On November 21, 2012, McRo, Inc., doing business as Planet Blue, initially commenced action in the District Court of the District of Delaware against a number of defendants. Planet Blue alleged infringement of U.S. Patent Nos. 6,307,576 and 6,611,278, the latter a continuation of the former. More defendants were added in subsequent suits, and the cases were consolidated and transferred to the Central District of California. The defendants -- now numbering 23 -- jointly filed a motion for judgment on the pleadings based on 35 U.S.C. § 101. On September 22, 2014, District Court Judge Wu ruled for the defendants on the motion. Planet Blue's appeal to the Federal Circuit is currently pending.
Ever since the Supreme Court's decision in Alice Corp. v. CLS. Bank Int'l, the federal courts and the U.S. Patent and Trademark Office have struggled to apply the two-step subject matter eligibility test therein. Last year, Federal Circuit case law refined the boundaries of § 101 to some extent. In Ultramercial v. Hulu, the Court reiterated that a disembodied method merely using general-purpose technology (i.e., the Internet) fails to meet the requirements of § 101, while in DDR Holdings v. Hotels.com, the Court stated that a claimed invention that is necessarily rooted in computer technology (e.g., one that changes the technology itself rather than just using it) is patent-eligible.
While distinguishable, the line between Ultramercial and DDR Holdings is fine. Patentee and defendant arguments often boil down to whether the claims under dispute are more or less like those of one case or the other. The present case is being viewed as an opportunity for the Federal Circuit to clarify its interpretation of § 101. Thus, it is helpful to consider the proceedings in the District Court.
Judge Wu's patent-eligibility analysis focused on claim 1 of the '576 patent, which recites:
The claimed invention relates to generating automated lip-synchronization and associated facial expression for 3D animated characters. The prior art generally encompassed a "morph target" approach, where the 3D character's facial orientation would be represented by a vector of values ("morph weights") associated with various vertices disposed across the character's face. The facial orientation would change based on differences in vertex values from those assigned to the face at rest. To animate the character's speech, for example, one would manually insert the appropriate morph weights at critical times (in "keyframes") in the associated recording, and a computer program would interpolate between the facial expressions to provide a visual impression of different sounds being uttered. This process, however, was inefficient and tedious, since many morph targets would need to be manually set in order to make the animated facial expression accurately match the recording. Planet Blue's contribution was intended to automate this process by feeding time-aligned phonetic transcripts into a computer, and setting rules for how to apply various morph targets to manipulate the 3D character's facial expressions based on this input.

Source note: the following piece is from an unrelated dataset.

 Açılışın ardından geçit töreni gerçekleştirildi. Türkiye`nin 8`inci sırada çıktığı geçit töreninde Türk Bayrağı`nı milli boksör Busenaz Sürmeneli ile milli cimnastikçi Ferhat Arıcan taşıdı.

The defendants argued that, under the post-Alice § 101 framework, the claims of the patents were ineligible because they simply "set forth the previously-known animation method as a series of mathematical steps, and instruct the user to perform those steps on a computer." To evaluate this argument, Judge Wu focused on interpreting the Alice ruling.

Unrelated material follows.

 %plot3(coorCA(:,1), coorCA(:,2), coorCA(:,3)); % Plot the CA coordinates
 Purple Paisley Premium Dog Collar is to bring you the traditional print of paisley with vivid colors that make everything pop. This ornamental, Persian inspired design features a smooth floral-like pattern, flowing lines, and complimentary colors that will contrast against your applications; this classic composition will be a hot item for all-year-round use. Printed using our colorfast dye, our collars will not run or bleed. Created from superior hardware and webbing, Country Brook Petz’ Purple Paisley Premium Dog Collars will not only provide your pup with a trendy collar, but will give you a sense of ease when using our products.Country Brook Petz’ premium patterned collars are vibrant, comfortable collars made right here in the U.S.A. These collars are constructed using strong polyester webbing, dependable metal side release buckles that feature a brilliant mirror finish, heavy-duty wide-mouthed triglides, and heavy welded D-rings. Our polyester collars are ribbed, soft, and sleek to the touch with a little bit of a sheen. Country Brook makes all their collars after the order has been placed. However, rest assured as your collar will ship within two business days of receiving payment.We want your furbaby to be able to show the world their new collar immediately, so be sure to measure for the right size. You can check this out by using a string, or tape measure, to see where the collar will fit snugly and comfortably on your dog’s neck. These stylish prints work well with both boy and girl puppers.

The first step in the Alice test is whether the claims incorporate a patent-ineligible concept (e.g., an abstract idea, law of nature, or natural phenomenon). The second step is whether the claims also supply an 'inventive concept' that renders the claims patentable, despite the inclusion of the patent-ineligible concept. According to this test, an 'inventive concept' is "an element or combination of elements that is sufficient to ensure that the patent in practice amounts to significantly more than a patent upon the ineligible concept itself." In considering Alice, Judge Wu observed that, "so far, the two-part test for identifying an abstract idea appears to be of limited utility, while comparisons to previously adjudicated patents -- or more precisely, to past cases' characterizations of those patents -- have done the heavy lifting." Despite criticizing the Alice opinion as setting forth an "I know it when I see it" test, he shrugged off the implications thereof and noted "[i]n any event, the Supreme Court has spoken, and § 101 now plays an important limiting role."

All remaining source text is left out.